In the present study, use of macrolides was found to significantly correlate with a favorable prognosis. It is known that macrolides have immunomodulatory effects [15–17] and their combinational administration is capable of diminishing mortality in critically ill patients with community-acquired pneumonia [18]. In fact, an official clinical practice guideline of the American Thoracic Society and Infectious Diseases Society of America has recommended macrolide-containing regimens for the treatment of hospitalized patients with severe pneumonia [19]. Besides, the effectiveness of azithromycin for treatment of acute exacerbation of idiopathic pulmonary fibrosis has been reported that mortality in patients treated with azithromycin was significantly lower than in those treated with fluoroquinolones [20]. Therefore, antibiotic therapy with macrolide-containing regimens might prove effective not only in patients with severe community-acquired pneumonia but also in ILD patients receiving ECMO.
Our study also demonstrated an association between using antifungal drugs and increased in-hospital mortality. Since observational studies are unable to determine causal relationships, it remains unclear whether antifungal drug use or fungal infections could have impacted the results. Antifungal drugs are generally administered when patients are thought to develop fungal infections during immunosuppressive therapy. Thus, a diagnosis of fungal infections, rather than antifungal drug use per se, might influence patients’ prognosis.

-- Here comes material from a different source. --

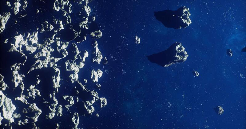 CGI Exploring a vast field of asteroids in deep space away from celestial bodies Pro Video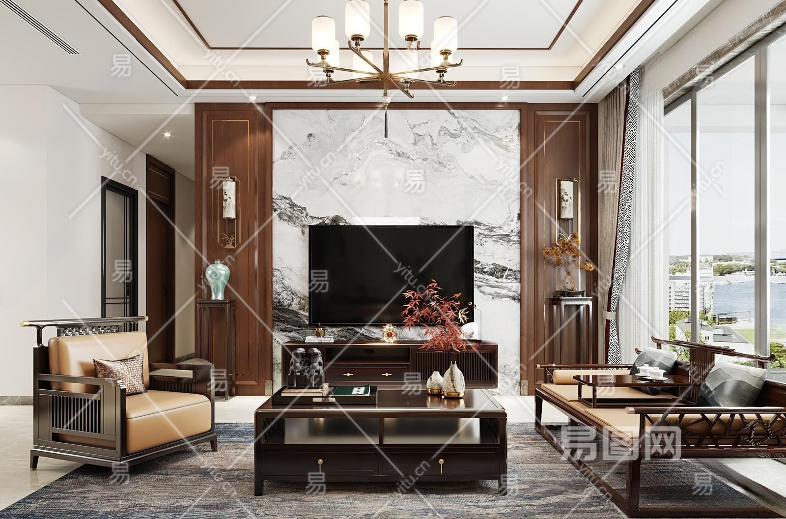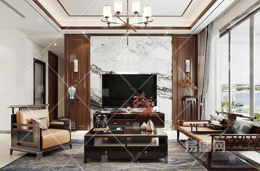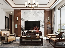 新中式客厅3D模型下载

In the current study, use of anti-influenza virus drugs was significantly associated with survival to discharge in the univariate analysis but lost its statistical significance in the multivariate analysis. The efficacy of ECMO in H1N1-related ARDS has been reported [5]. In this regard, while ECMO might be beneficial for influenza-related respiratory disorder itself, its efficacy could be limited when this disease is accompanied by ILD.
The strength of this study is that a large number of patients from a nationwide database were included to be analyzed. However, some limitations derived from the retrospective nature of the study. First, the subtype of ILD was uncertain because input of them was not required in DPC database. However, antifibrotic agents which were covered by Japanese health insurance only for patients with idiopathic pulmonary fibrosis in the study period were used in only 12 cases. Presumably, the number of idiopathic pulmonary fibrosis cases would be limited. Second, no standardized ECMO initiation and management protocol exists among hospitals, giving rise to selection and intervention bias. Finally, long-term outcomes could not be clarified owing to the lack of post-discharge information.